BEGIN

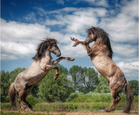 Hai con ngựa đực giao chiến để phân định vị trí đầu đàn trong khu bảo tồn thiên nhiên ở Loevenstein, Hà Lan. (Ảnh: Solent News).
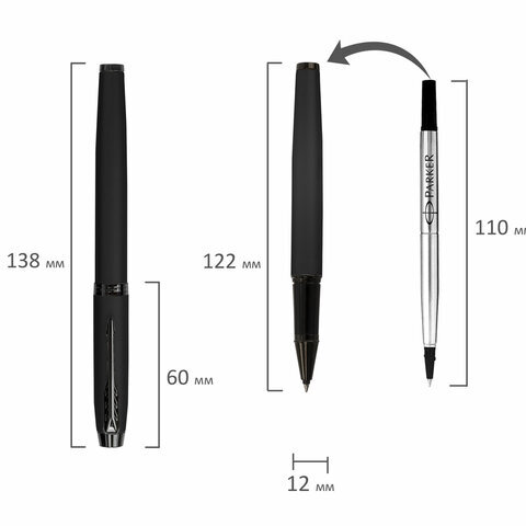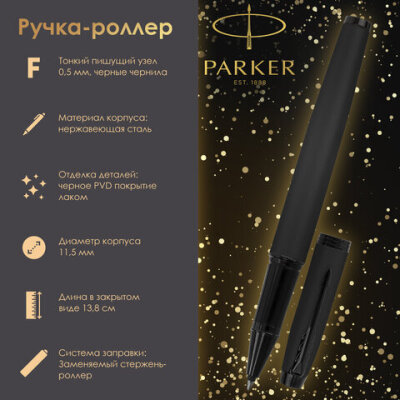 Ручка-роллер PARKER "IM Achromatic Black BT", корпус черный матовый, нержавеющая сталь, черная, 2127743
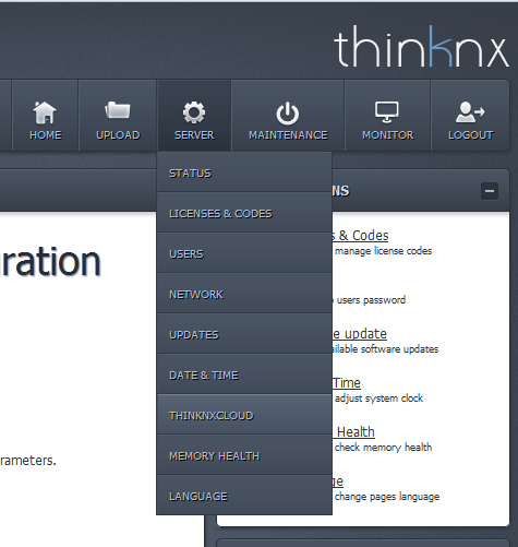 - Password for ThinknxCloud: it must contain the maintainer password previously set in the server web page

END

Omit the pictures and give the material again, exactly and in full.

ANSWER FOR THIS EXERCISE:
 Hai con ngựa đực giao chiến để phân định vị trí đầu đàn trong khu bảo tồn thiên nhiên ở Loevenstein, Hà Lan. (Ảnh: Solent News).
 Ручка-роллер PARKER "IM Achromatic Black BT", корпус черный матовый, нержавеющая сталь, черная, 2127743
 - Password for ThinknxCloud: it must contain the maintainer password previously set in the server web page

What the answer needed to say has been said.